**TASK DETAILS:**
Quote exactly and only this range of lines in the data below: the line that holds "Brand New/ Oversized" to the line that holds "Attendees enjoyed five-course", both included.
--- MATERIAL SHOWN Enclosed Below ---
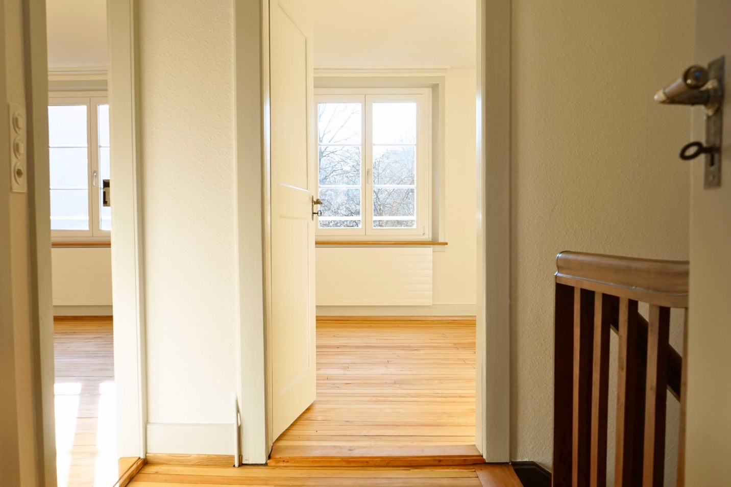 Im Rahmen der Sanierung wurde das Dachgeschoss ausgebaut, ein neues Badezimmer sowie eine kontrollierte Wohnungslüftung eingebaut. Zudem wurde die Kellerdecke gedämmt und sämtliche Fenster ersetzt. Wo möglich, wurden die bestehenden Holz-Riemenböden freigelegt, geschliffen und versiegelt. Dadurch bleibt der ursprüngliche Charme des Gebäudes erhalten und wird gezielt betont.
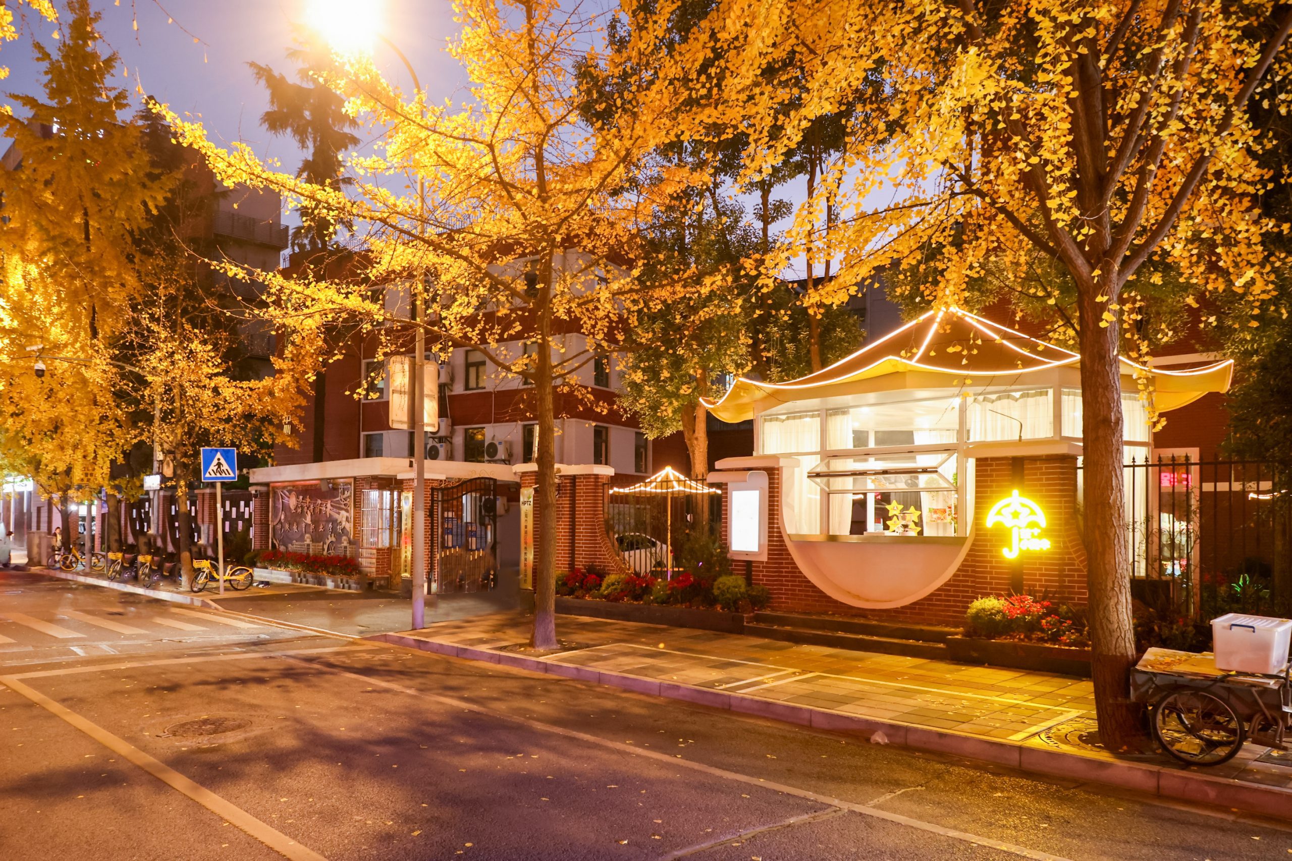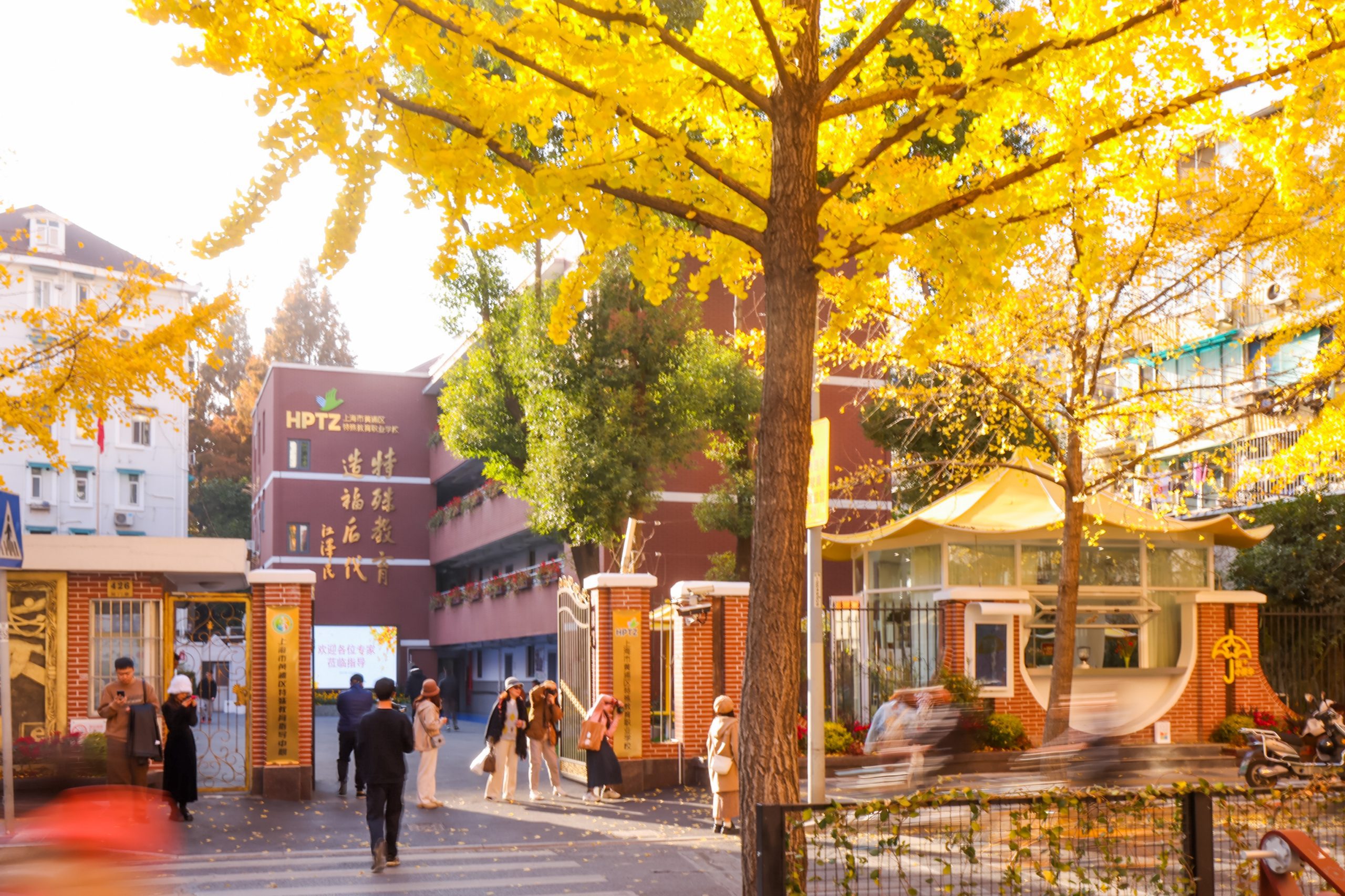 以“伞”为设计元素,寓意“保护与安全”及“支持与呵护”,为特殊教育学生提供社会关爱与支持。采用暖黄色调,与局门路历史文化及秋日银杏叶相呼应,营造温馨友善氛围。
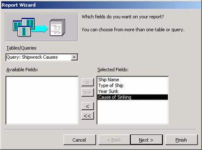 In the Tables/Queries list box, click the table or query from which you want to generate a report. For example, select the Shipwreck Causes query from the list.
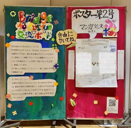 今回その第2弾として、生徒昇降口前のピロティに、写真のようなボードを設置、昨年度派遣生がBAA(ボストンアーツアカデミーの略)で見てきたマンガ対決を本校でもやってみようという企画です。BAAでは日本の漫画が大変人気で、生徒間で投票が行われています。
--- End of Enclosed MATERIAL SHOWN ---
--- MATERIAL SHOWN Enclosed Below ---
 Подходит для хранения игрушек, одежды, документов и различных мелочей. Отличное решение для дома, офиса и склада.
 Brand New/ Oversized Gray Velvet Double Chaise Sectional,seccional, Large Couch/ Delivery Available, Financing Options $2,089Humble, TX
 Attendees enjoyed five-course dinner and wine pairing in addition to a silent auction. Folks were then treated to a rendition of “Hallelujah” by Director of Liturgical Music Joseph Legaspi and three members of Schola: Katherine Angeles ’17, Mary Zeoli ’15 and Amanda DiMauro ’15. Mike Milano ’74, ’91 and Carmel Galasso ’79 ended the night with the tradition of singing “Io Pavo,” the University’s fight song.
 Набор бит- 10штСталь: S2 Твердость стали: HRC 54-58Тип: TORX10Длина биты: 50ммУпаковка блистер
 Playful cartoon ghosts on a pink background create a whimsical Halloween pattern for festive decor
--- End of Enclosed MATERIAL SHOWN ---
**RESULT OF THE TASK:**
 Brand New/ Oversized Gray Velvet Double Chaise Sectional,seccional, Large Couch/ Delivery Available, Financing Options $2,089Humble, TX
 Attendees enjoyed five-course dinner and wine pairing in addition to a silent auction. Folks were then treated to a rendition of “Hallelujah” by Director of Liturgical Music Joseph Legaspi and three members of Schola: Katherine Angeles ’17, Mary Zeoli ’15 and Amanda DiMauro ’15. Mike Milano ’74, ’91 and Carmel Galasso ’79 ended the night with the tradition of singing “Io Pavo,” the University’s fight song.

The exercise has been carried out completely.